## WHAT IS EXPECTED:
Transcribe all data verbatim. Skip the pictures.

Collection entries:
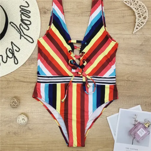 Lace-up one-piece swimsuit
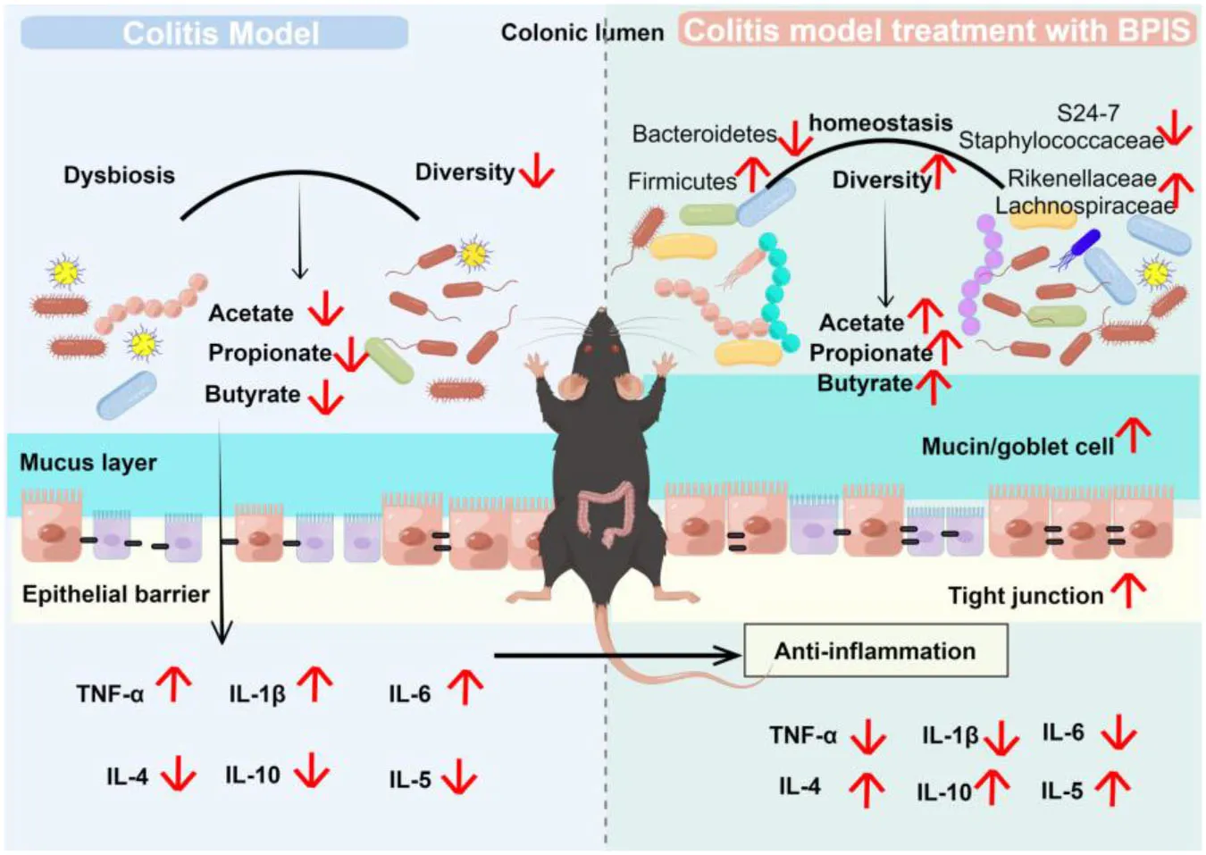BPIS ameliorate DSS-induced colitis by remodeling gut microbiome and restoring intestinal barrier.
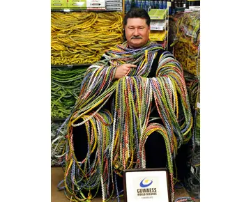 El 11 de marzo de 2009,Gary Duschl , su cadena de envoltorios de chicle medía 17.760 m de largo y estaba formada por 1.370.166 envoltorios, 2.740.332 eslabones y pesaba 365,6 kg, pero es probable que siga creciendo durante muchos años.
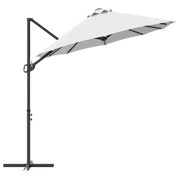 - Ominaisuudet / Toiminta / Suunnittelu: Tämä varjo yhdistää modernin tyylin ja käytännöllisyyden. Se on tehty kestämään ulkona, ja UV- ja vedenkestävät materiaalit lisäävät sen elinikää. Kannattajasuunnittelu mahdollistaa maksimaalisen varjon ilman häiritsevää tolppaa, jättäen tilaa muille.
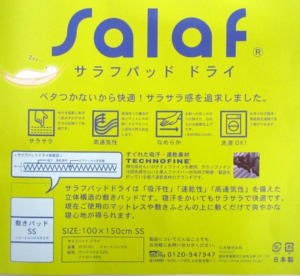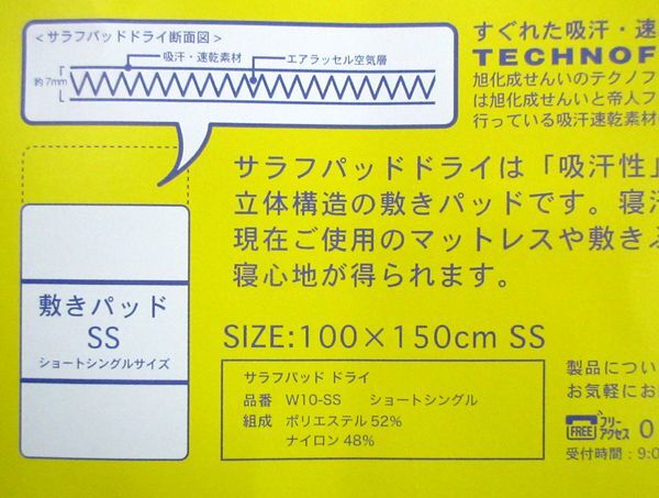 内 容 ■Salaf サラフ 敷きパッド ドライ ショートシングル(W10-SS)

## SOLUTION FOR THIS EXERCISE:
 Lace-up one-piece swimsuit
BPIS ameliorate DSS-induced colitis by remodeling gut microbiome and restoring intestinal barrier.
 El 11 de marzo de 2009,Gary Duschl , su cadena de envoltorios de chicle medía 17.760 m de largo y estaba formada por 1.370.166 envoltorios, 2.740.332 eslabones y pesaba 365,6 kg, pero es probable que siga creciendo durante muchos años.
 - Ominaisuudet / Toiminta / Suunnittelu: Tämä varjo yhdistää modernin tyylin ja käytännöllisyyden. Se on tehty kestämään ulkona, ja UV- ja vedenkestävät materiaalit lisäävät sen elinikää. Kannattajasuunnittelu mahdollistaa maksimaalisen varjon ilman häiritsevää tolppaa, jättäen tilaa muille.
 内 容 ■Salaf サラフ 敷きパッド ドライ ショートシングル(W10-SS)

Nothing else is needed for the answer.